Josephine, is a grandmother and lifelong Flora resident. According to her, Flora has never experienced a significant drug problem…. Josephine maintains that there are at least three known informants among the young people in Flora, and that many residents are frustrated with the local police because they are forcing young people to turn each other in. With considerable nostalgia, she recalls that people in Flora used to be very neighborly; they would talk about their families, joys and troubles, but now, “everybody don’t fool with each other anymore. People keeping to themselves and not inviting each other in their homes.” She says that people are afraid to go out at night. “Most young guys are scared to walk the streets at night because the cops mess with them.” When her 20-year-old nephew does go out at night, she fears for his safety, not because of other Flora residents, but because of law enforcement agents: “Cops know how to scare you into snitching.”
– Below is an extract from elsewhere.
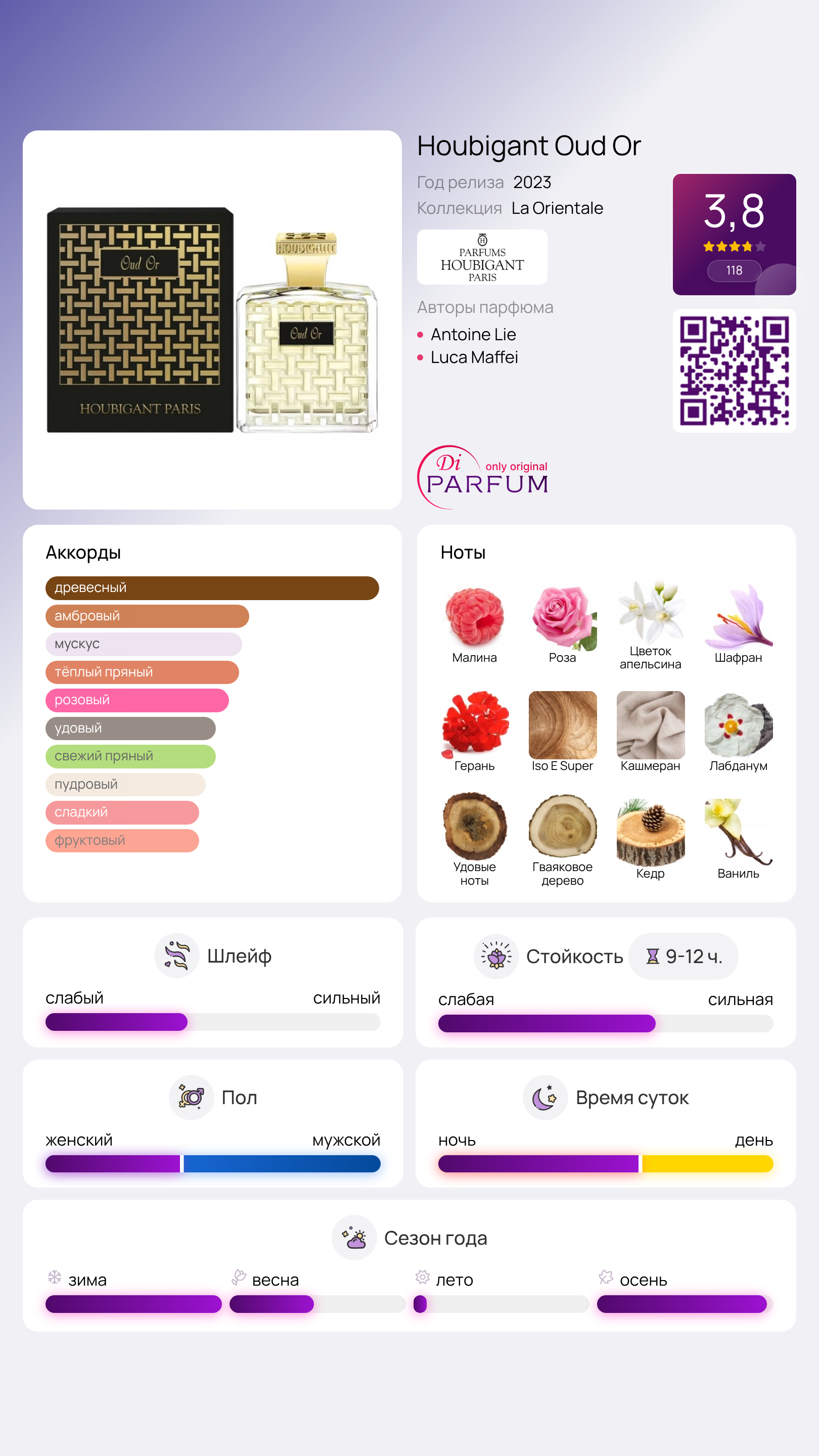 Аромат наполнен экологически чистыми и качественными ингредиентами, что придаёт ему уникальную стойкость. Он станет идеальным спутником как для романтических встреч, так и для повседневных дел. Oud Or — это не просто парфюм, это путешествие через века, в сердце культуры и искусства, которые вдохновляют на протяжении всей жизни.

Some community residents view the use of CIs as not only tolerating criminal activity, but also enabling it–greatly diminishing the legitimacy of policing in their eyes. Another Mississippi mother, Sandra, says that her son’s informer was allowed to continue his own criminal enterprise while turning in her son:
“They use people who already have a felony conviction and should be in prison, and give them ‘paper time.’ The week before they arrested my son, they search and arrest this guy. He had weed, crack and money on him. They gave it back to him and let him go on ‘paper time’ for snitching on my son.”
The report concludes by proposing numerous reforms, including the establishment of an informant registry to keep track of people who are trying to work off their own criminal charges, a requirement that law enforcement report crimes committed by their informants, and a ban on using juvenile snitches.
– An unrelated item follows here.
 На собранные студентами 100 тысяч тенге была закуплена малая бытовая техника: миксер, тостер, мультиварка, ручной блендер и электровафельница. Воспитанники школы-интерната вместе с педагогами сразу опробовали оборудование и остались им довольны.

MIT Professor Gary Marx reviews “Snitching”
Gary T. Marx is professor emeritus of sociology, Massachusetts Institute of Technology. He is author of the seminal book Undercover: Police Surveillance in America (1989) and he has written extensively on the new forms of surveillance, social control across borders, and comparative law. His book review of “Snitching,” forthcoming in Theoretical Criminology, is here. Here’s the beginning of the review:
It is rare to encounter a book that nurtures the passion for justice while also remaining respectful of standards of scholarship. Law professor Alexandra Natapoff has done that in a splendidly informative and lively book. The topic of criminal informants (which need not be the same as informants reporting on criminals) has never been has so comprehensively, disturbingly and clearly analyzed — not only should criminal justice practitioners and students be required to read it, they should be tested on it.
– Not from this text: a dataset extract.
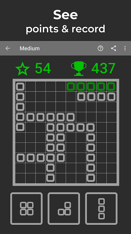 In lower difficulty levels, a helpful feature shows which lines will be removed when you hover over with a piece. This aid is not available in higher difficulty levels, increasing the challenge for advanced players.

Among the most significant and least studied aspects of American criminal justice is how the government obtains evidence. Apart from what can be learned from direct observation, searches, forensics or accidents, authorities in a democracy are forever sentenced to making deals, rewards, threats, manipulation, covert surveillance, undercover operations and tips. Negotiation, compromise and voluntary compliance play a much larger role than in more authoritarian societies lacking our expansive notion of procedural rights. Coercion, deception and actions off the books are just beneath the veneer and support the table of our high civic ideals — ironically partly because of them.